Cat defines herself through the church, and through the lens with which she’s viewed by her parents and her father’s congregation. She’s becoming aware, all at once, that as she grows, the way others value her will shift, especially as someone in a female body. She’s caught between these opposing value systems, and she’s not sure which one she wants to give weight to yet. The inciting tension for her uneasiness is the conflict with her parents, simmering under the surface of the narrative. Cat’s parents are afraid to be witnessed in their imperfection, because they are moral examples for their community. Cat, likewise, is terrified to be witnessed. So much so that she cannot even witness herself. This tension is deepened by the change in her friends, as their value systems have already shifted. Their wealth, their physical appearance, the attention of boys, the destruction of imagination.

In the end, Cat doesn’t throw her rock because she is jealous that Willa is kissing Logan. She throws her rock because something has been taken from her. She has lost something essential to herself and, in the process, made herself vulnerable in a way she has never before been. She has lost the myth of herself, the story she has told to herself about herself for her entire life.

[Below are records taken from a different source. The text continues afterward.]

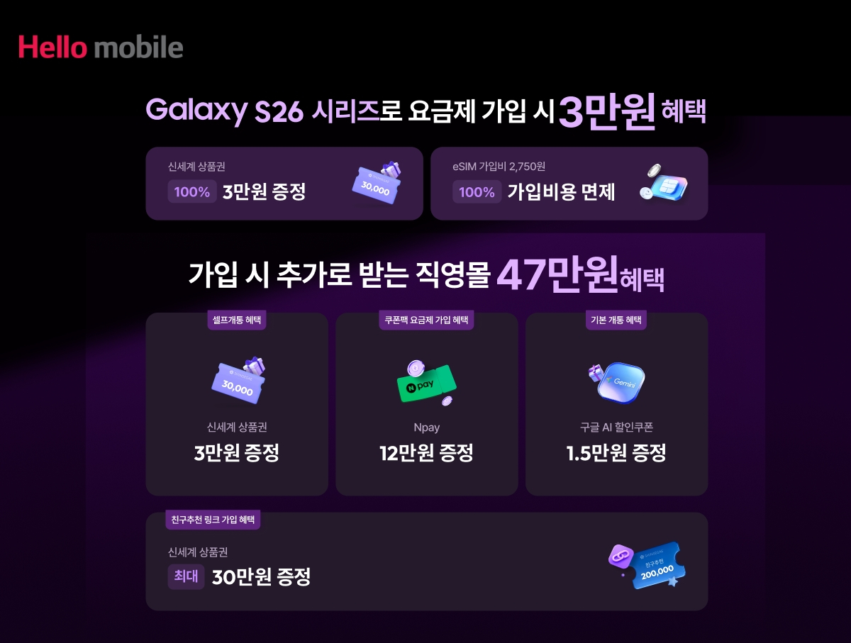 김예현 LG헬로비전 모바일사업담당은 "갤럭시 S26 출시를 맞아 알뜰폰 꿀조합을 찾아나선 실속파 소비자들에게 이번 프로모션이 특별한 새해 선물이 되길 기대한다"며 "헬로모바일은 앞으로도 최신 프리미엄폰 출시에 맞춰 매력적인 자급제∙투넘버용 알뜰폰 요금제와 서비스를 지속 선보이며 고객경험을 혁신하겠다"고 밝혔다.
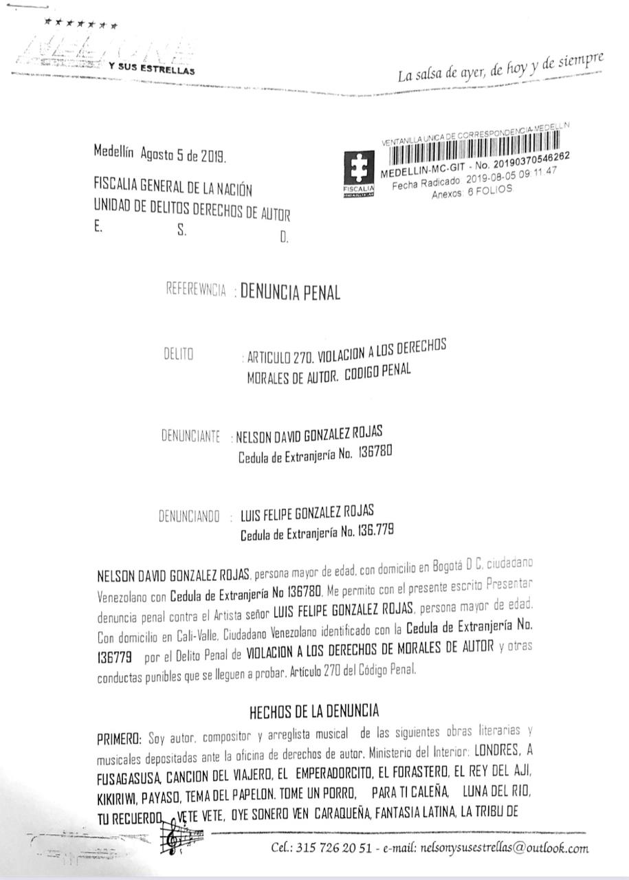 ¿Quién no ha oido y bailado «El emperadorcito», «Payaso», «Para ti caleña», «San Fernando», «Luna del rio», «Kikirimu», «Tema del papelón», «La Sirena» e infinidad de éxitosos temas más en la voz de Luis Felipe González Rojas de nacionalidad Venezolana y quien pasa más tiempo en nuestro pais que en el propio? Diriamos que tres generaciones de Colombianos. Sin embargo y como van las cosas luego de la demanda interpuesta por su hermano Nelson David Gonzalez Rojas en la Fiscalia General de la Nación el pasado 5 de agosto en la ciudad de Medellin por «Violación a los derechos morales de autor» Artículo 270 del Código Penal, no volverán a hacerlo, por lo menos interpretados por Luis Felipe. Nelsón David, el dueño de la agrupación «Nelsón y las estrellas» solicita que se le prohiba a su hermano mayor volver a cantar las composiciones de él, de las cuales además es el arreglista, porque a pesar de su negativa Luis Felipe las entonó en la «Fonda de mi tierra» dentro de la «Feria de las Flores» ocasionandole pérdidas a su agrupación orquestal. La pelea legal apenas comienza pero es una verdadera pena que se peleen entre hermanos que han sido tan triunfadores y con tanto reconocimiento en su país de origen Venezuela, Colombia y el mundo que los admira. Todo por los derechos de autor que supuestamente Luis Felipe no le reconoce a Nelsón. Esperemos concilien. Pierden sus seguidores.
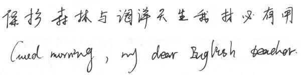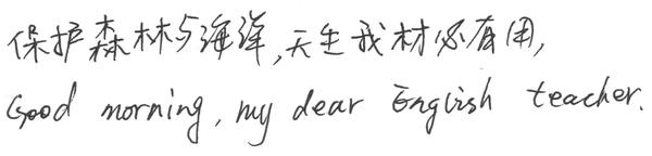学生4,男25岁。以上几份笔迹的中文和英文都是非常连贯的,说明具有很强的逻辑思维能力。

I wanted this story to ask: When is the right time to grow out of childhood? And when our own false image of ourselves dies, what are we left with? And to those questions, I hope the story provides no answers, since I don’t think these questions can be answered. I hope the idea of growing out of childhood in general fills all of us with rage. Because the alternative, adulthood (and gendered adulthood at that), is the destruction of creativity and the destruction of the bizarre.

 


CAITLIN RAE TAYLOR is a writer, editor, and designer based in the southern United States. She earned her MFA in fiction from the University of North Carolina Wilmington where she served as the fiction editor for Ecotone and the publishing assistant for Lookout Books. She has also worked with nonprofit press Milkweed Editions and was a resident at the Taleamor Park Writers and Artists Residency near La Porte, Indiana. She is currently the editor of Southern Humanities Review and the art director/designer for Press Pause Press. Her fiction, book reviews, and interviews can be found or are forthcoming in Cotton Xenomorph, Pacifica Literary ReviewThe Adroit JournalHobartMoon City Review, the Alabama Writers’ Forum, Southern Humanities Review online, and Germ Magazine. She is at work on a short story collection.